Geodesic Distance Between Points in GeoDjango

Background

I’m working on a Django project which deals with geographic data. To handle this data, I’m using GeoDjango (django.contrib.gis), which is a fantastic framework for working with GIS information in Django. The data I am using consists of points scattered across the Earth, so I decided to store the geographic information in the WGS84 datum (SRID 4326), the system used by GPS.

The problem is that since WGS84 is a geographic coordinate system, as opposed to a projected coordinate system, GeoDjango returns the Cartesian distance between points as a float value in degrees. This is not useful for presenting to users, since we deal with kilometers and miles in everyday life. The distance we want is known as the geodesic distance.

Geodesic Distance

Geodesic distance refers to the distance between two points if you were to travel between them on the Earth’s surface. Thus, it is the ‘real’ distance between two points, as opposed to the theoretical distance returned by GeoDjango.

The formulae used to calculate this distance are quite complex. Luckily, they have been implemented for us in a Python module called geopy. The specific method we will be using is known as Vincenty’s method. It’s accurate to within 0.5mm!
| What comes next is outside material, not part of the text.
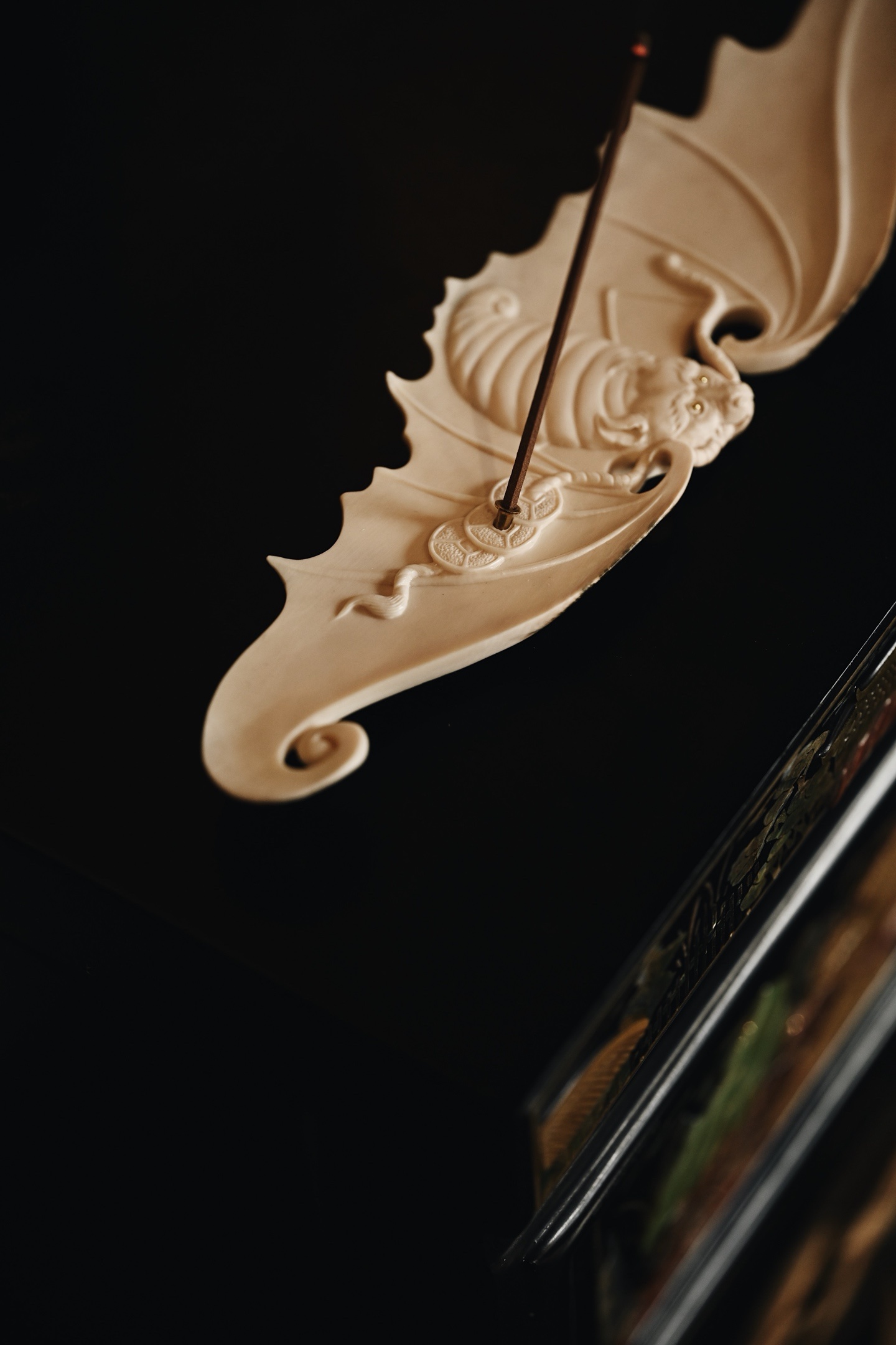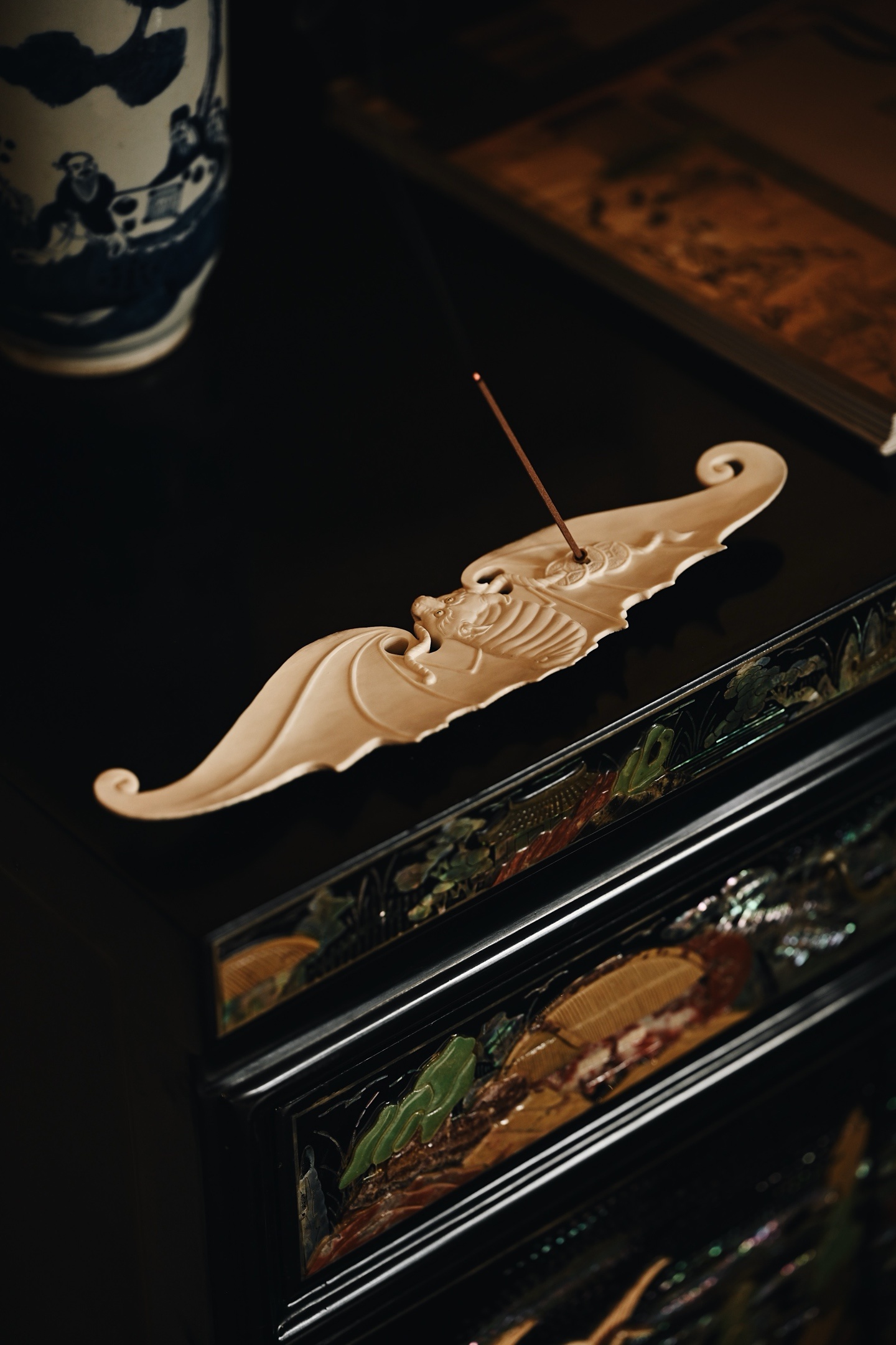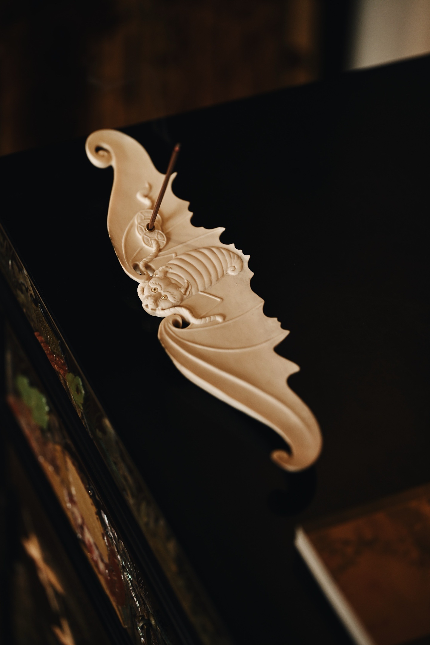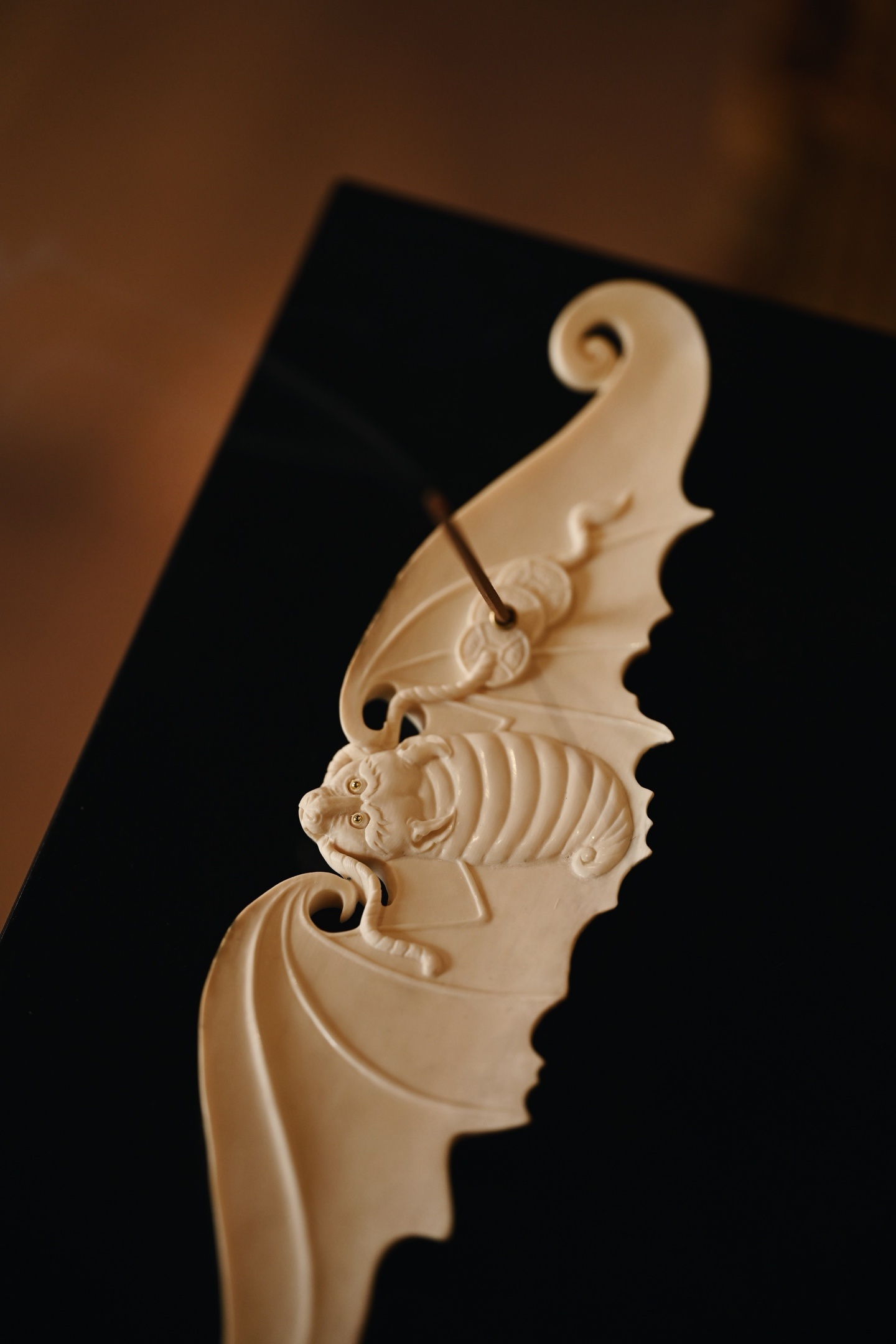 猛犸 | 蝙蝠衔财 香插此香插以温润之材雕琢而成,背面留皮巧雕,取蝙蝠衔财之吉意。蝠首双目炯炯,双翼舒展呈流云之姿,线条婉转流畅,青烟袅袅升起,似蝠穿云而来。置于案头,既是焚香之器,亦是纳福之摆件。23.7*5.7*1.5cm 78g

The specific function is geopy.distance.distance. Here’s a simple example demonstrating its use:

Notice how converting between different units of measure on the resultant Distance object is as simple as accessing different attributes of that object (in this case, meters and miles).

Solution

In the example below, we have a Route object which can be associated with an arbitrary number of waypoints. Since the geopy distance function only works on two points, we use the itertools module to take the points pairwise so that we can calculate the distance for each pair and find the sum of the distances. Once we have calculated the geodesic distance with geopy and itertools, we turn it into a GeoDjango Distance object, which allows us to seamlessly convert to several different kinds of units as well as interface with the rest of GeoDjango’s spatial query functions.

Here’s an example models.py which demonstrates this approach:

from itertools import tee, izip

from django.contrib.gis.db import models
from django.contrib.gis.measure import Distance

from geopy.distance import distance as geopy_distance

def pairwise(iterable):
    "s -> (s0,s1), (s1,s2), (s2, s3), ..."
    a, b = tee(iterable)
    next(b, None)
    return izip(a, b)

# Create your models here.
class Route(models.Model):
    name = models.CharField(max_length=100)

    def length(self):
        '''Determine the length of the route.'''
        points = (waypoint.point for waypoint in self.waypoint_set.orderby('time'))
        meters = sum(geopy_distance(a, b).meters for (a, b) in pairwise(points))
        return Distance(m=meters)

class Waypoint(models.Model):
    time = models.DateTimeField()
    route = models.ForeignKey(Route)
    point = models.PointField(srid=4326)
    objects = models.GeoManager()

def distance(*points):
    '''
    Find the geodesic distance between two or more points.

    If more than two points are specified, the points are assumed
    to be on a route. The total length of this route is
    calculated.

    Returns a django.contrib.gis.measure.Distance object.
    '''
    meters = sum(geopy_distance(a, b).meters for (a, b) in pairwise(points))
    return Distance(m=meters)

def example():
    from django.contrib.gis.geos import Point
    # Calculate the distance to San Franciso from Washington, D.C., via Chicago.
    washington = Point(38.53, 77.02)
    chicago = Point(41.50, 87.37)
    san_francisco = Point(37.47, 122.26)

    d = distance(washington, chicago, san_francisco)
    print "Washington, D.C. -> Chicago -> San Francisco:"
    print "%(miles)0.2f miles, or %(kilometers)0.2f kilometers (or %(fathoms)0.2f fathoms)" % {
            'miles': d.mi,
            'kilometers': d.km,
            'fathoms': d.fathom
    }

The distance function can either be used on its own or as an instance method, as in Route.length(). If you have any questions, feel free to ask in the comments.

Additional Notes

Projected Coordinate Systems

If your data is concentrated in a small area, then you could use a projected coordinate system (such as SRID 32140, for South Texas) to solve the problem.

PostGIS Geography Field Type

Alternatively, you could try storing your data using the PostGIS Geography field type, which performs geodesic calculations instead of Cartesian calculations. The downside with this approach is that it prevents you from using many of the GeoDjango functions. For instance, none of the Spatial Aggregate functions worked, in my testing. Since this is a relatively new PostGIS feature, I expect it to become more usable in the future. Once it does, I recommend using that instead, as it makes more sense to have these kinds of calculations occur seamlessly at the database level.